Raw data:
# # # #

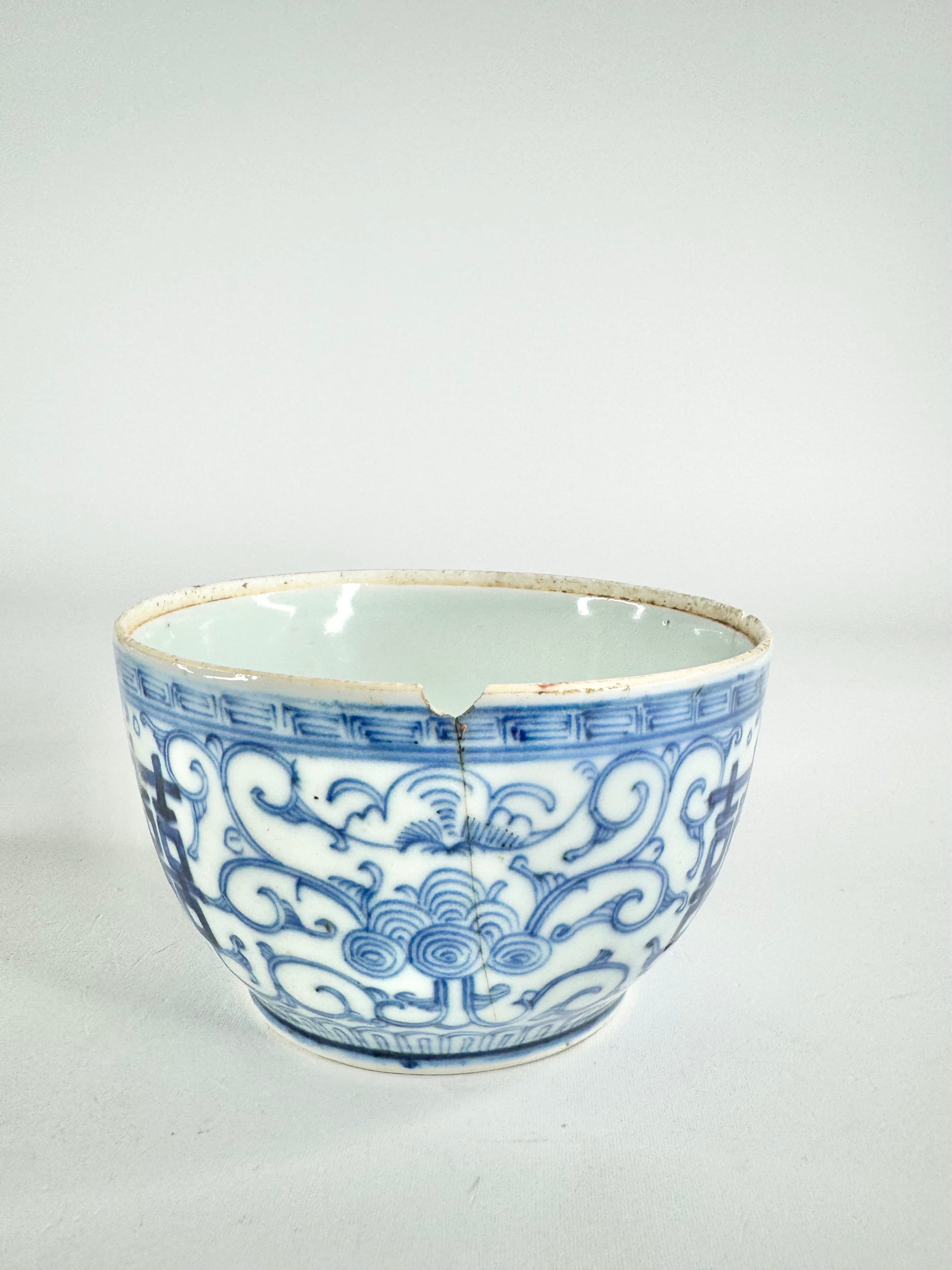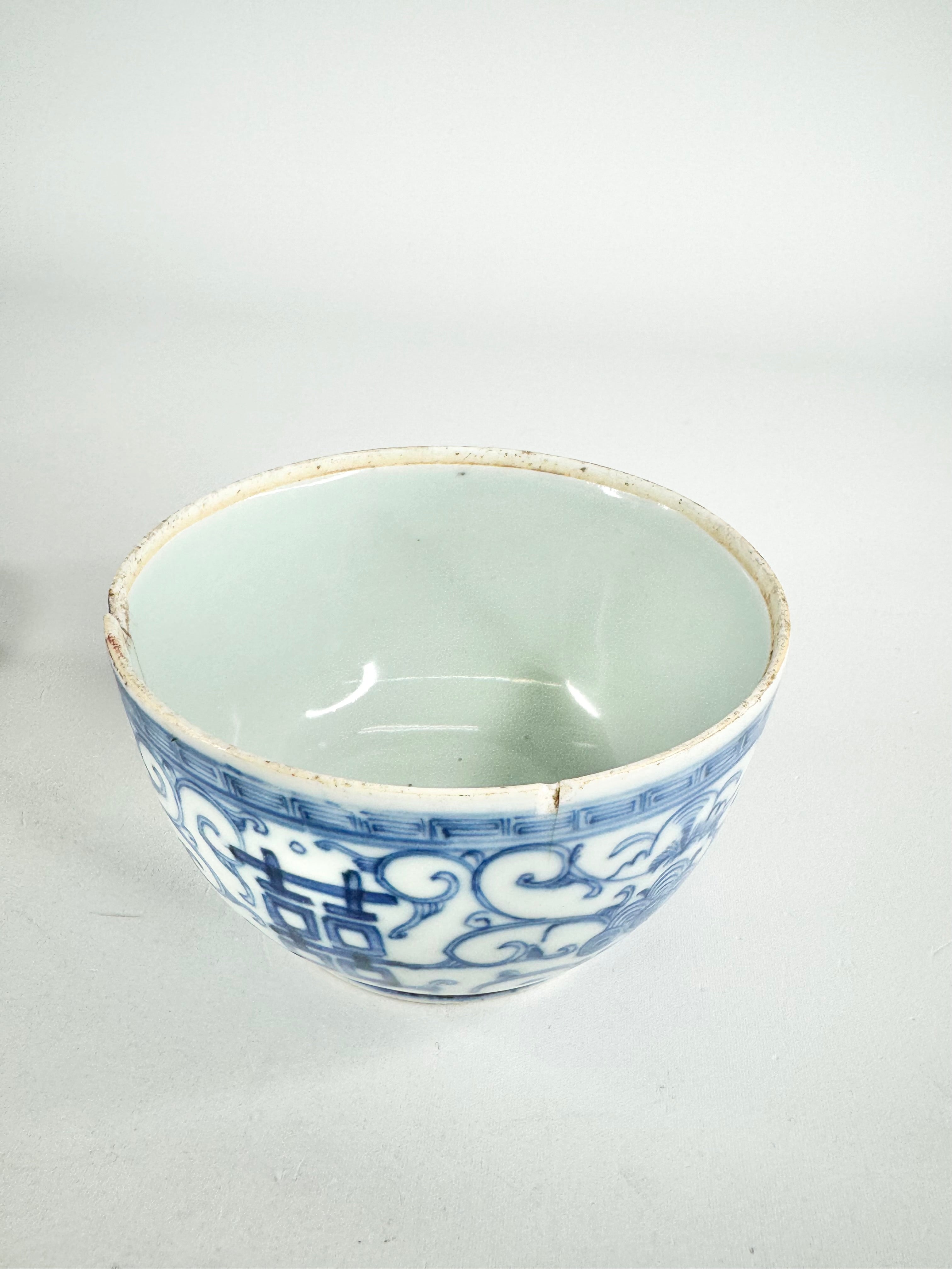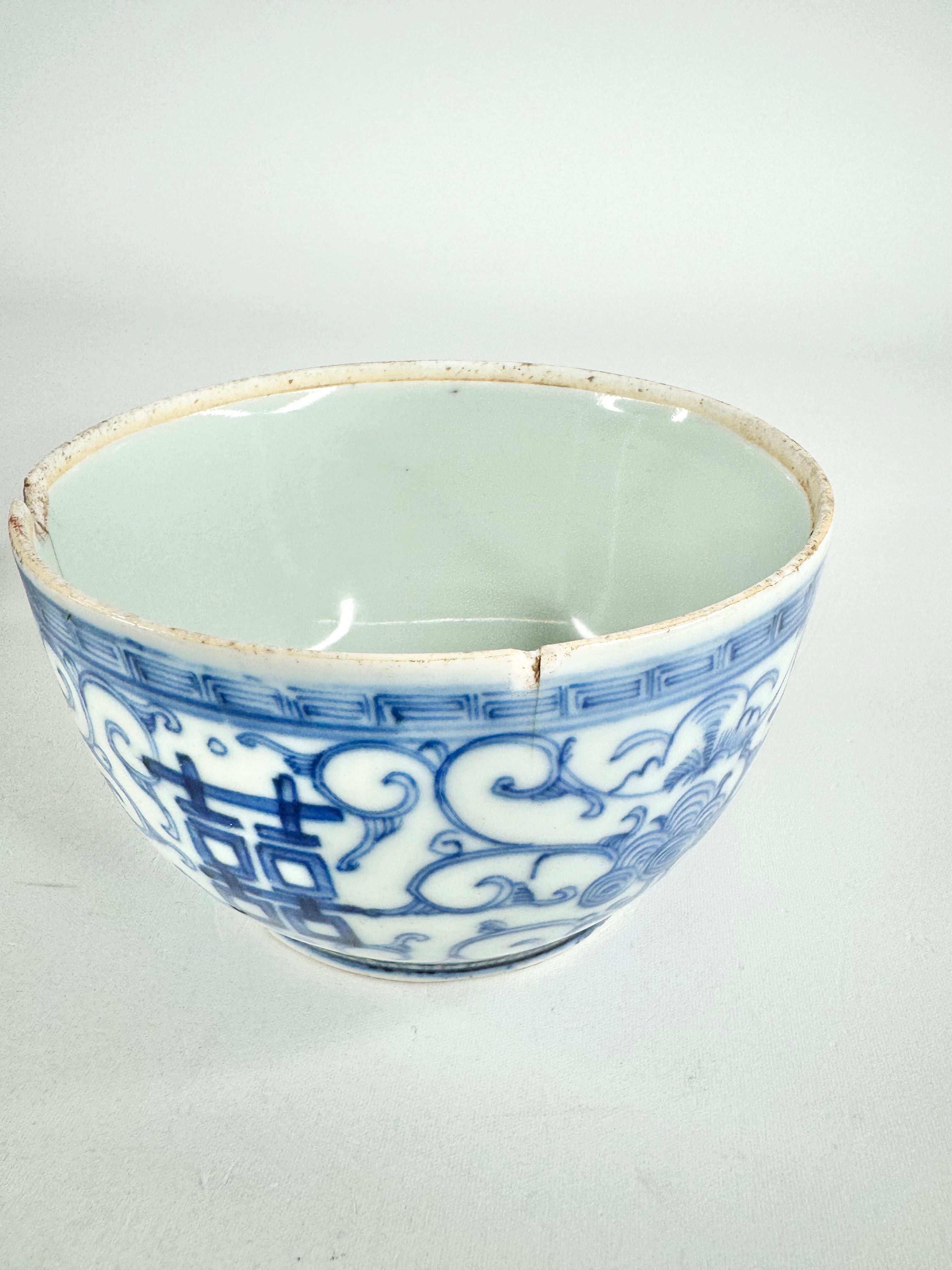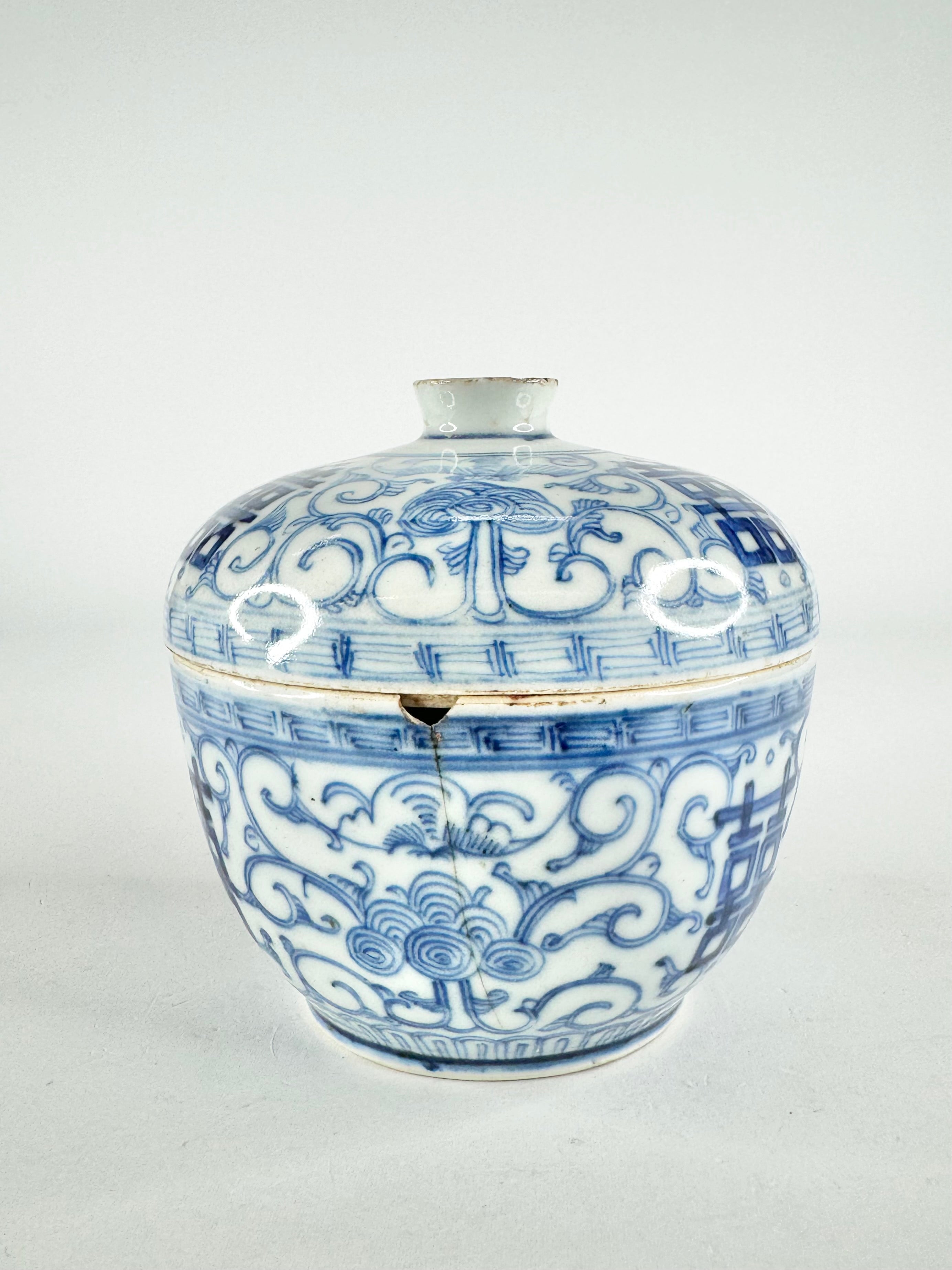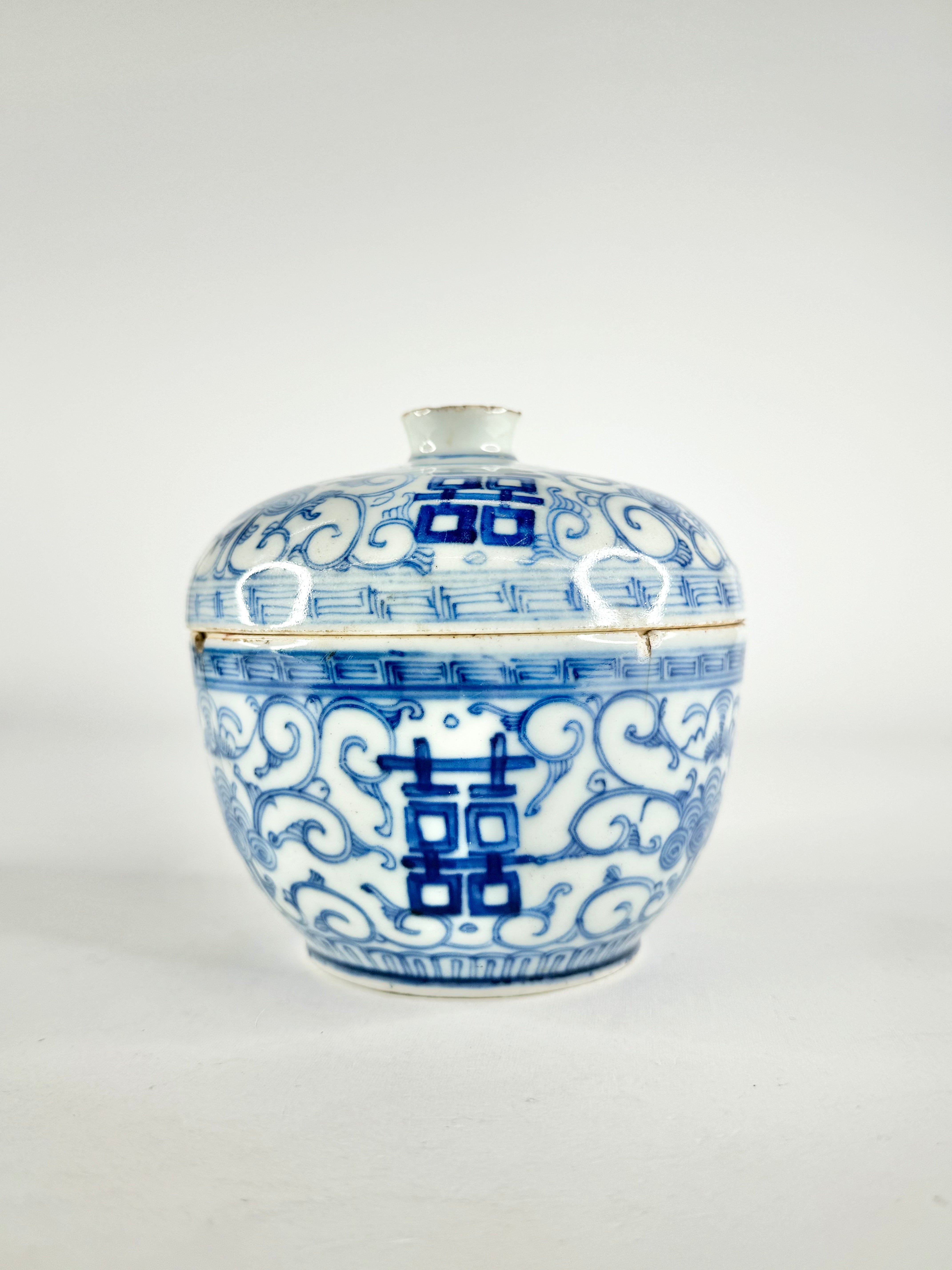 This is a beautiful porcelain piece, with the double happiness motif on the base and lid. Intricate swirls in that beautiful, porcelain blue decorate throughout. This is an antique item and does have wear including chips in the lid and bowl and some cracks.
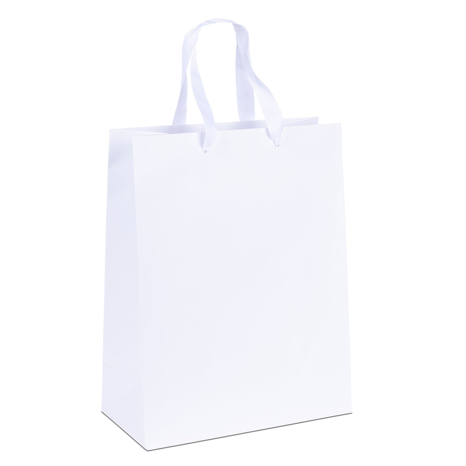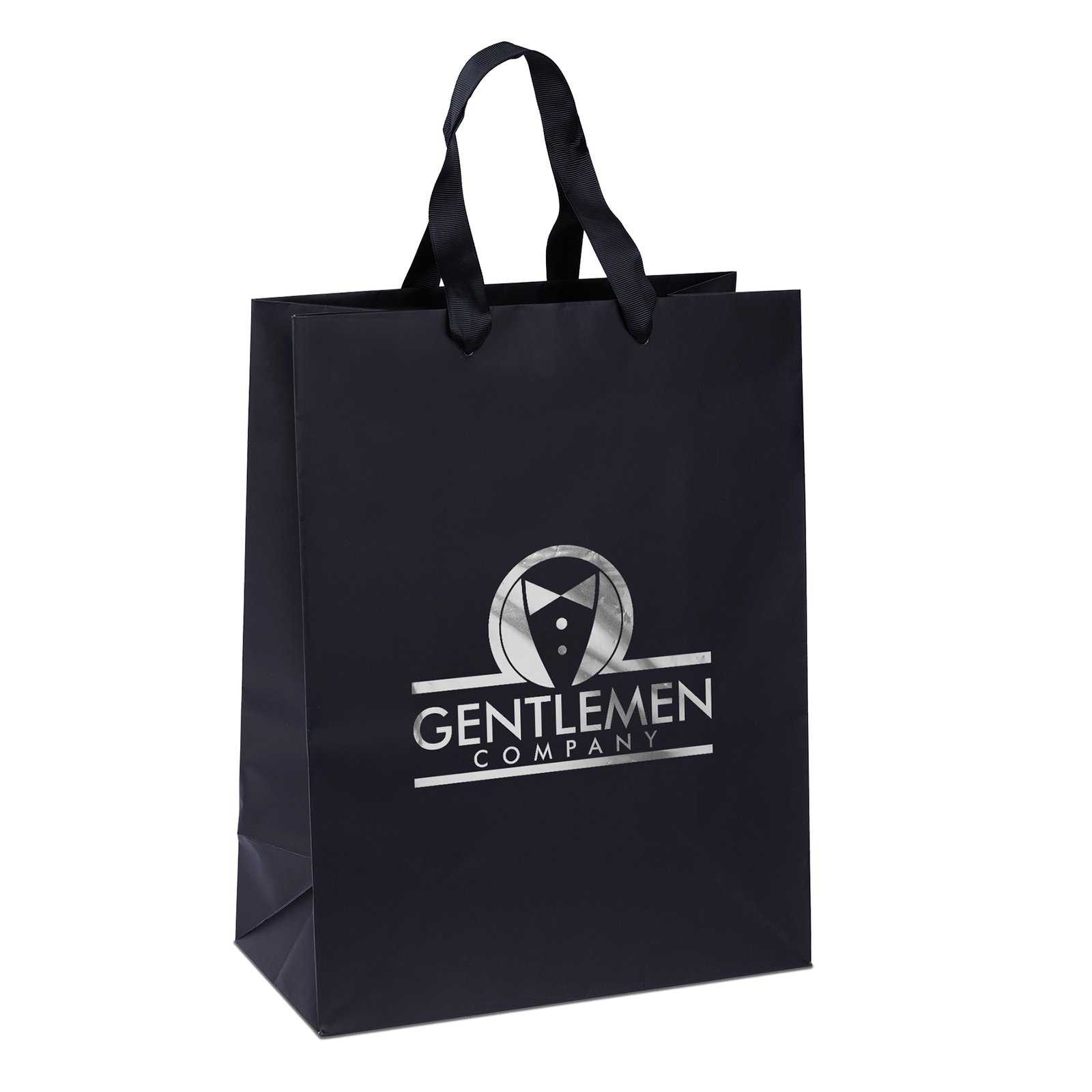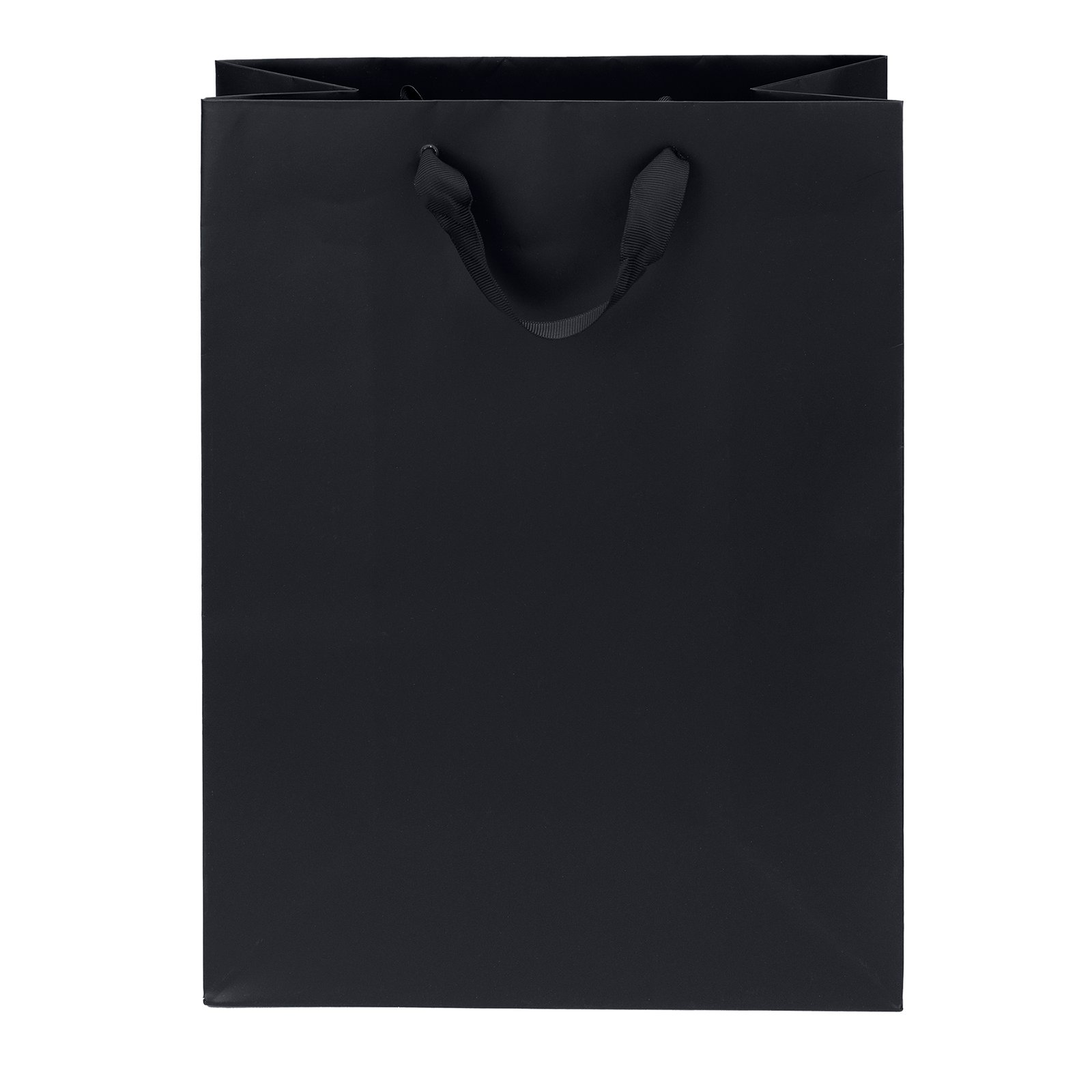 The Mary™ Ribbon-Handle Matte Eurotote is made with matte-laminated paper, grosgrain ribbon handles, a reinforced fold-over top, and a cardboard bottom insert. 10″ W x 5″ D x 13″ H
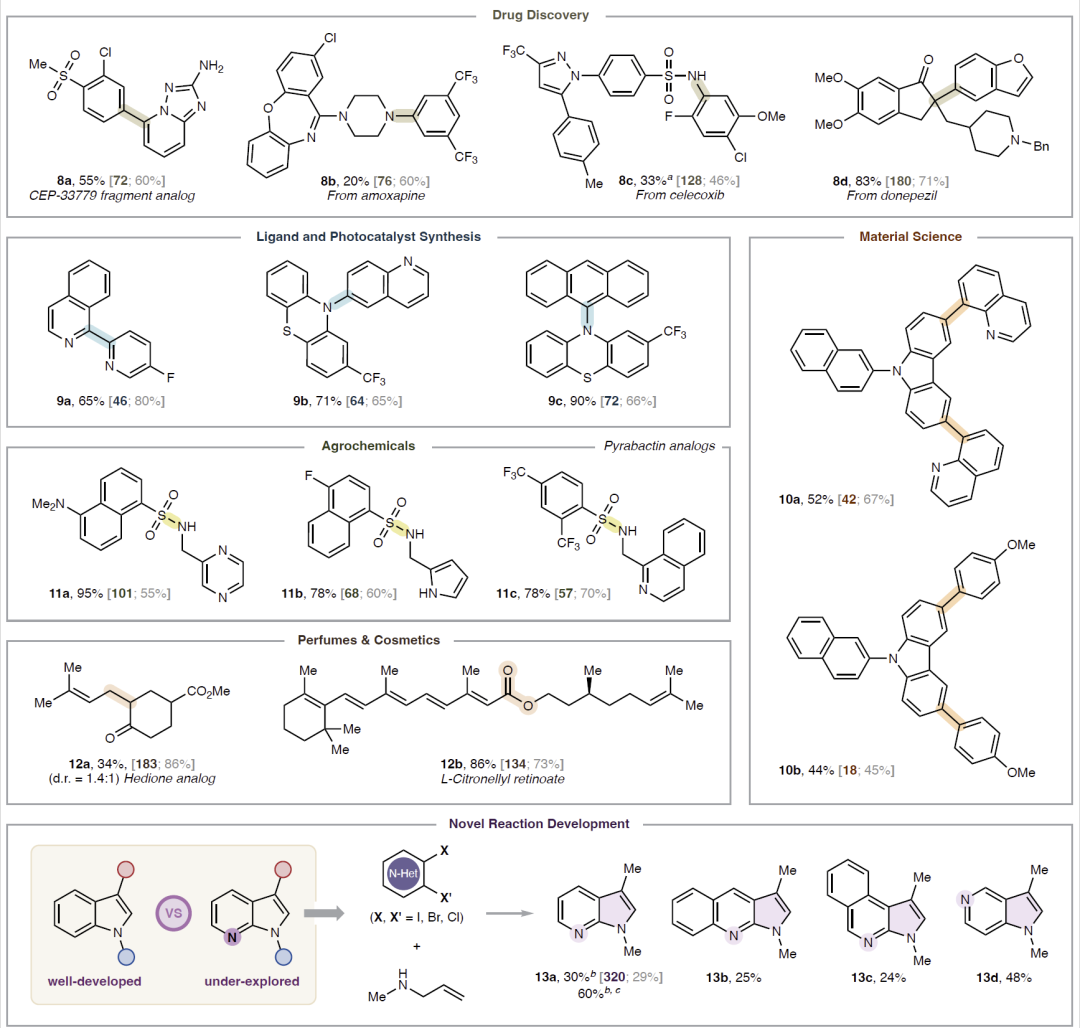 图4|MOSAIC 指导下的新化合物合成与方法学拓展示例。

# # # #

Task prompt: Keep every word of the lines above unchanged in the copy, and omit the pictures.

Answer:
 This is a beautiful porcelain piece, with the double happiness motif on the base and lid. Intricate swirls in that beautiful, porcelain blue decorate throughout. This is an antique item and does have wear including chips in the lid and bowl and some cracks.
 The Mary™ Ribbon-Handle Matte Eurotote is made with matte-laminated paper, grosgrain ribbon handles, a reinforced fold-over top, and a cardboard bottom insert. 10″ W x 5″ D x 13″ H
 图4|MOSAIC 指导下的新化合物合成与方法学拓展示例。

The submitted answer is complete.